Je suis née caméra en main.
Bon, d’accord. C’est à moitié vrai… Mais la photographie fait partie de moi de façon presque génétique. Mes grands-parents étaient photographes. L’outil de travail de mon grand-père était une énorme chambre photographique, posée sur un trépied dans son atelier. Il me demandait de ne pas bouger, se couvrait la tête d’un drap noir, et pendant un instant, un secret se créait entre le photographe et son outil, loin des regards non-avisés.
Quand il enlevait le drap, la magie disparaissait: il était de nouveau mon grand-père, souriant, mais dans ses yeux pétillait encore un quelque chose indéfinissable.
C’est ce regard-là que j’ai envie de vivre et revivre à travers cette aventure qui s’ouvre à moi. Je vous invite à en faire partie et à créer – pas à travers un énorme argentique vétu en noir (peut-être malheureusement?) – de souvenirs sincers et pleins de magie.
L’étape d’après était d’extraire la plaque argentique de l’appareil, monter les 2 étages jusqu’à la petite chambre noire où seulement une petite ampoule rouge permettait d’entrevoir les bacs à « eau »: les bains qui faisaient apparaitre, très lentement, d’abord les contours d’une image, et puis les détails, jusqu’à retrouver …moi, assise sur le tabouret de l’atelier.
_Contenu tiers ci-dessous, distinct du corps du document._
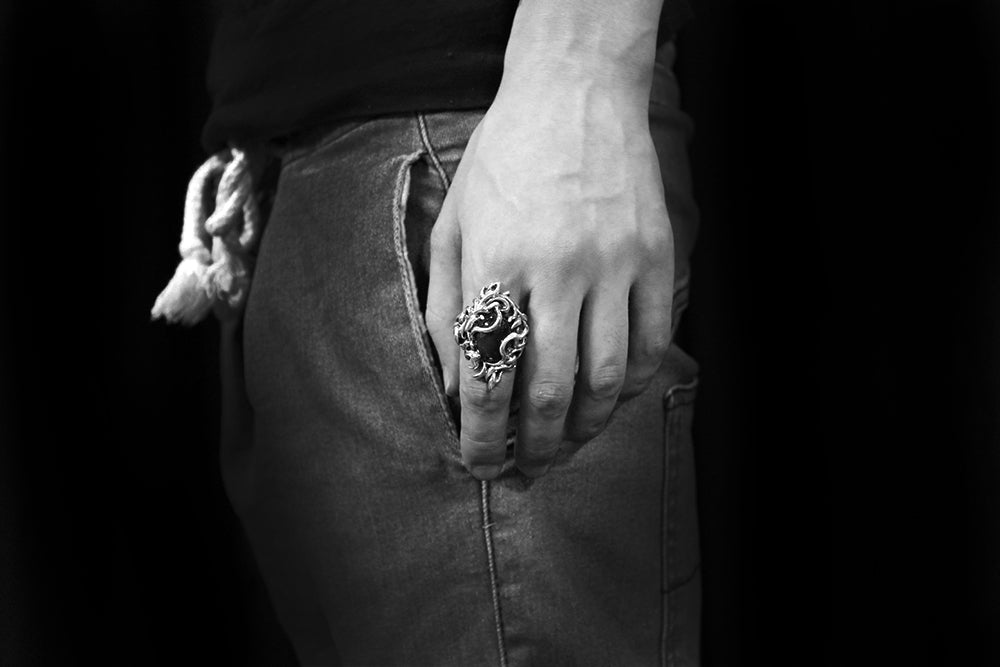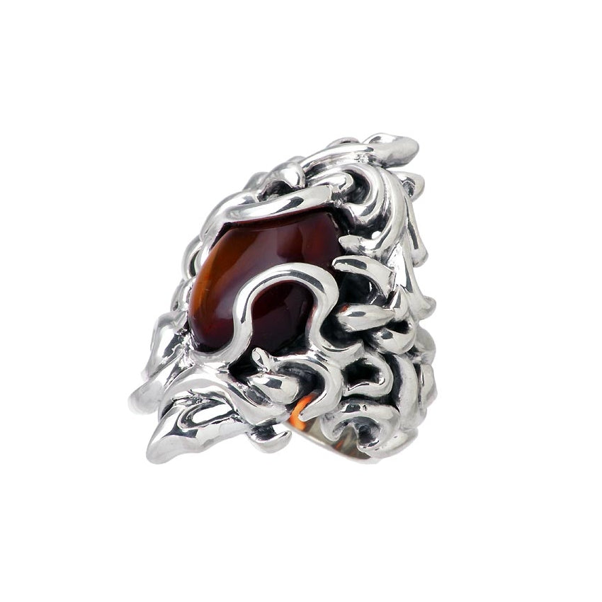 「曲線」と言う名の力のある流れが、石の色と混ざり合うことで生まれる世界を表現したリング。画像は「チェリーアンバー」を使用。
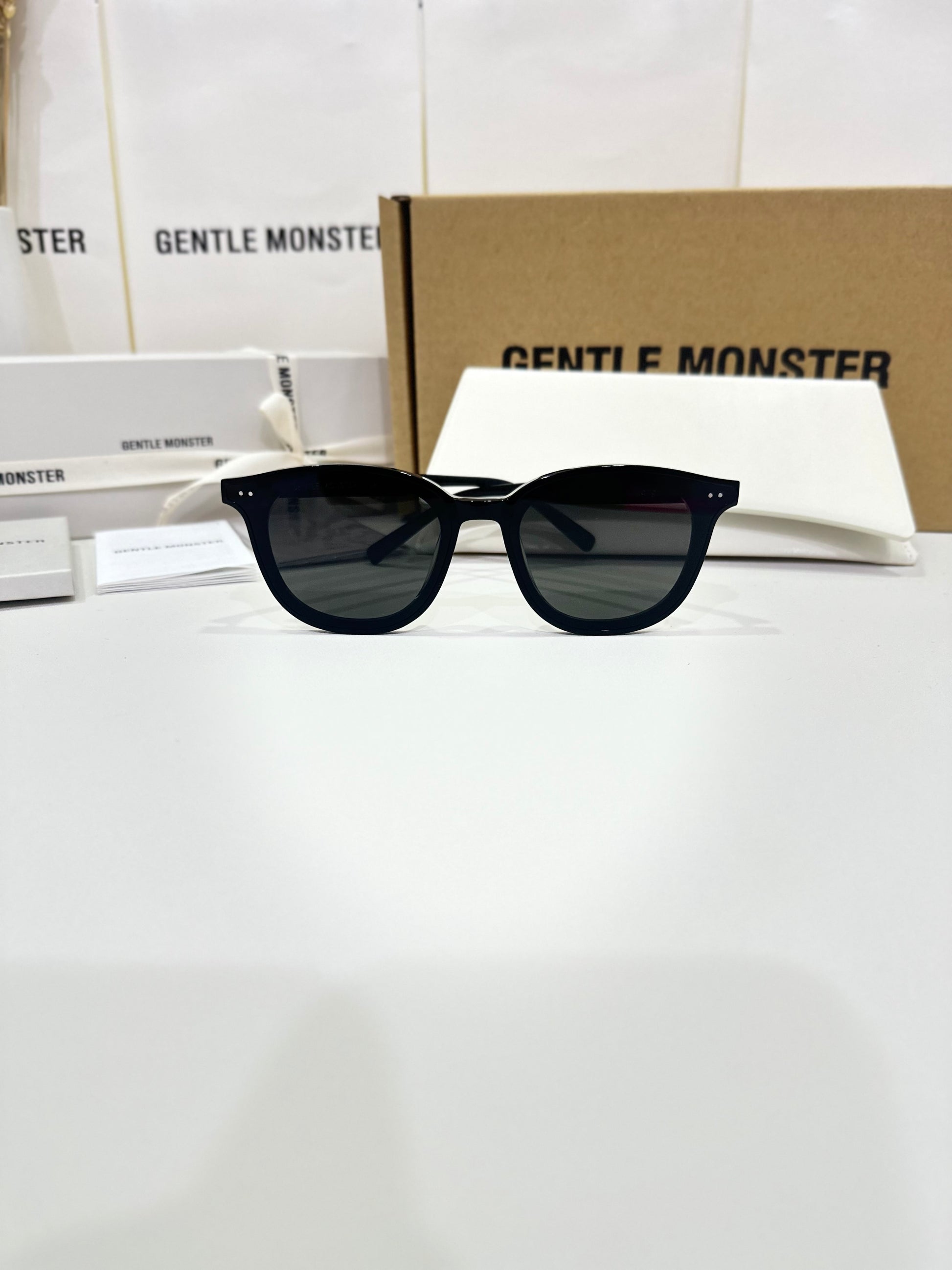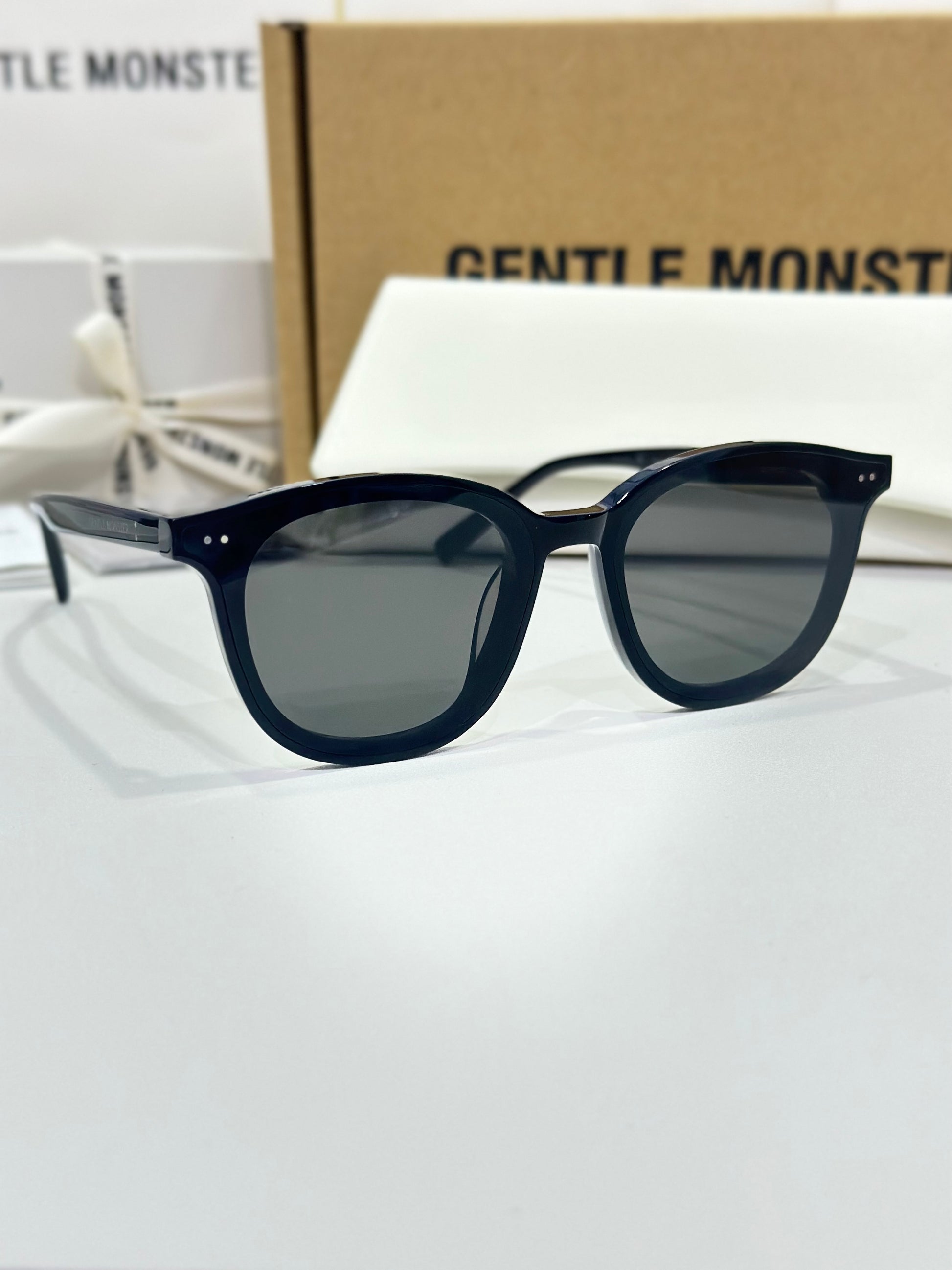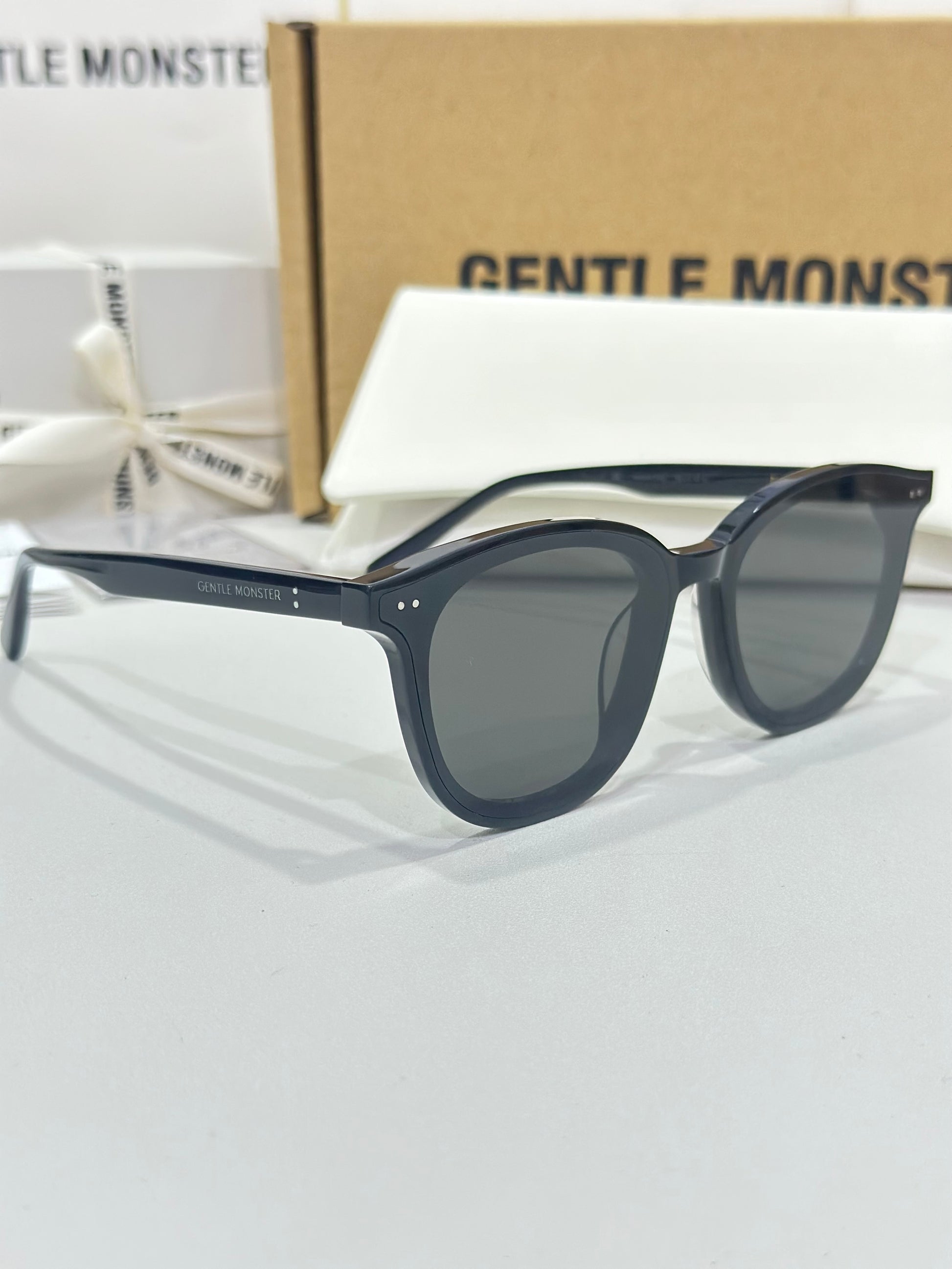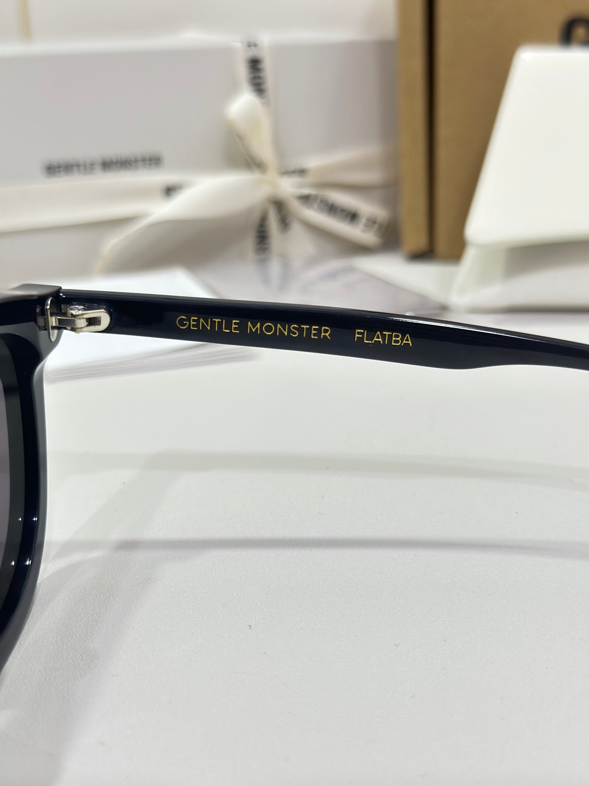 Crafted to complement all occasions, Lang 01 from the 2020 New Flatba Series features round shaped lenses to emphasize the frame front. This style is accentuated with two circular silver pins on each of the 99.9% UV protected lenses and engraved Gentle Monster logos in silver on the temples.

Et si le résultat n’était pas parfait, des crayons en bois permettaient de le corriger. Un travail délicat et plein d’attention.
Un travail qui n’existe surement plus, mais dont l’esprit me guide même aujourd’hui dans ma quête: proposer une photographie authentique, naturelle, sincère, et qui raconte une histoire, la vôtre — sans artifices.